**Exercise instructions**: Below, some lines carry pictures; leave those pictures out and retype exactly the lines from the one with "b.vii) The other" through the one with "Sarasota Arts Review.".

**Source material**:
=======

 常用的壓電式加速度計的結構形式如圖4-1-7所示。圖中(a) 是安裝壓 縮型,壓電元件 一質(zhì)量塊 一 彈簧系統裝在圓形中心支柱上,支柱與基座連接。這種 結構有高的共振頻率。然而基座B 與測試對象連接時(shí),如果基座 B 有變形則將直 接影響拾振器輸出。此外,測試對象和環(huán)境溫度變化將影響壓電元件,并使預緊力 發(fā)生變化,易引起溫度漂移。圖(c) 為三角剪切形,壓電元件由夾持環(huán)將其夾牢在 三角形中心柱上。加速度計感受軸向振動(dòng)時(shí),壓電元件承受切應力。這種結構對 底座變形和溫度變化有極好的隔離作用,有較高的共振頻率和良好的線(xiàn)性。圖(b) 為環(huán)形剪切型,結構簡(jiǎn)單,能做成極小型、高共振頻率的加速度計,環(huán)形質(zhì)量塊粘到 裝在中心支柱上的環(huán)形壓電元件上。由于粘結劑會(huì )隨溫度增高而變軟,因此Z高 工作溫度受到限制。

=======

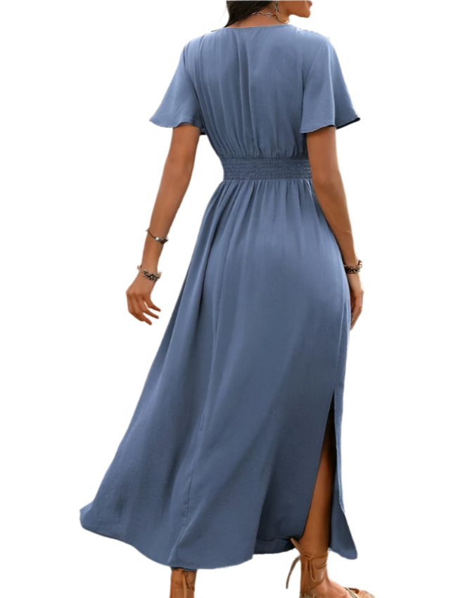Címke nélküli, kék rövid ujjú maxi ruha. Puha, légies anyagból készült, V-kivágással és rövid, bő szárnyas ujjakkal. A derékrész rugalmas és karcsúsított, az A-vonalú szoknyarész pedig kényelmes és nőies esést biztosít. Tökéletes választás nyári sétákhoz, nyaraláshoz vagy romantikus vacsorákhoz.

=======

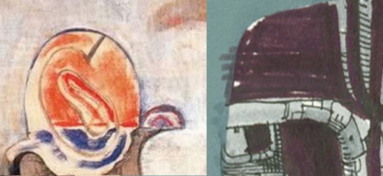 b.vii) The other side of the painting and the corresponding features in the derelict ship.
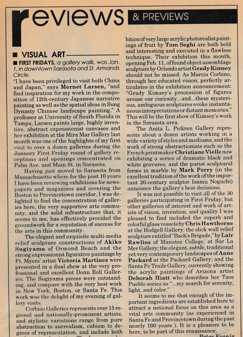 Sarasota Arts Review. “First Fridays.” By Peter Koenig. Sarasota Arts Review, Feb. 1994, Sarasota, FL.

=======

**Result**:
 b.vii) The other side of the painting and the corresponding features in the derelict ship.
 Sarasota Arts Review. “First Fridays.” By Peter Koenig. Sarasota Arts Review, Feb. 1994, Sarasota, FL.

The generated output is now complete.